On dit par exemple : "C'est tout de même incroyable : je dis que je veux voir une émission à la télévision et, comme par un fait exprès, tu me demandes de t'emmener faire des courses !".

  • Tandis que dans "On le dirait fait exprès pour vous", le mot "fait" est un adjectif et "fait exprès" est donc une locution adjectivale, qui désigne une adaptation naturelle, des dispositions naturelles pour ce dont il s’agit".

On dit par exemple : "Ce tailleur vous sied à ravir : on le dirait fait exprès pour vous".

Dans les deux cas le mot "fait" se prononce "faite" car le "t" final est suivi d'une voyelle.

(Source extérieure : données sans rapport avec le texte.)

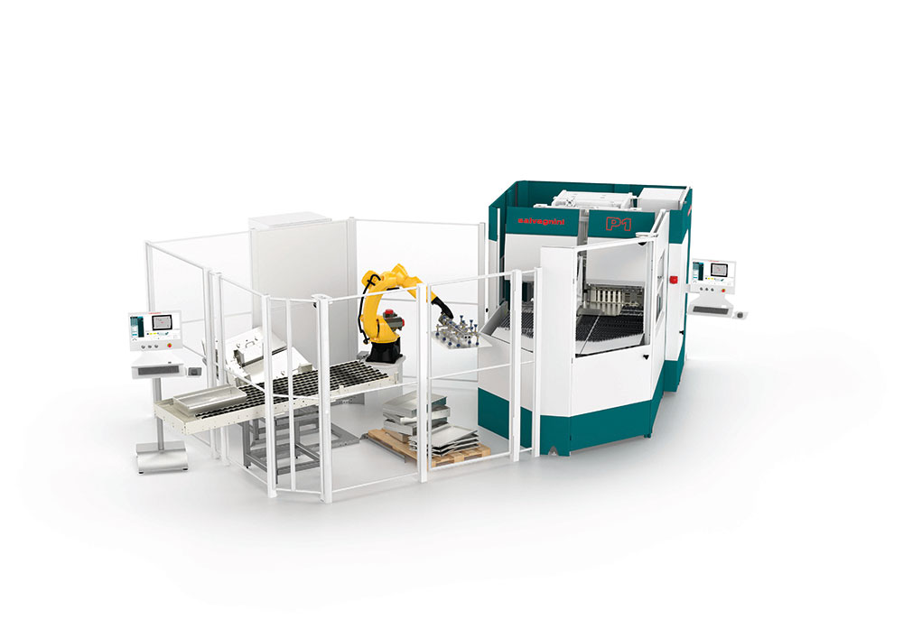 P-Robot combine une Panneauteuse Salvagnini et un robot pour produire des kits, des lots et des pièces individuelles de manière autonome.

Voir à ce sujet mon article sur la prononciation du mot fait.

"Un fait".

Ce mot qui signifie "une action" se prononce :

  • au choix "fai" ou "faite" lorsqu'il est au singulier.

On dit par exemple : "Être coutumier du fai" ou "Être coutumier du faite" pour "Être coutumier du fait".

    • mais "faite" si le mot est suivi d'une voyelle et que la liaison amène à prononcer le "t".

On dit par exemple : "Comme par un faite exprès" pour "Comme par un fait exprès".

  • et uniquement "fai" lorsqu'il est au pluriel :

On dit par exemple : "Les fai sont là" ou "Les fai sont têtus" pour "Les faits sont là" et "les faits sont têtus".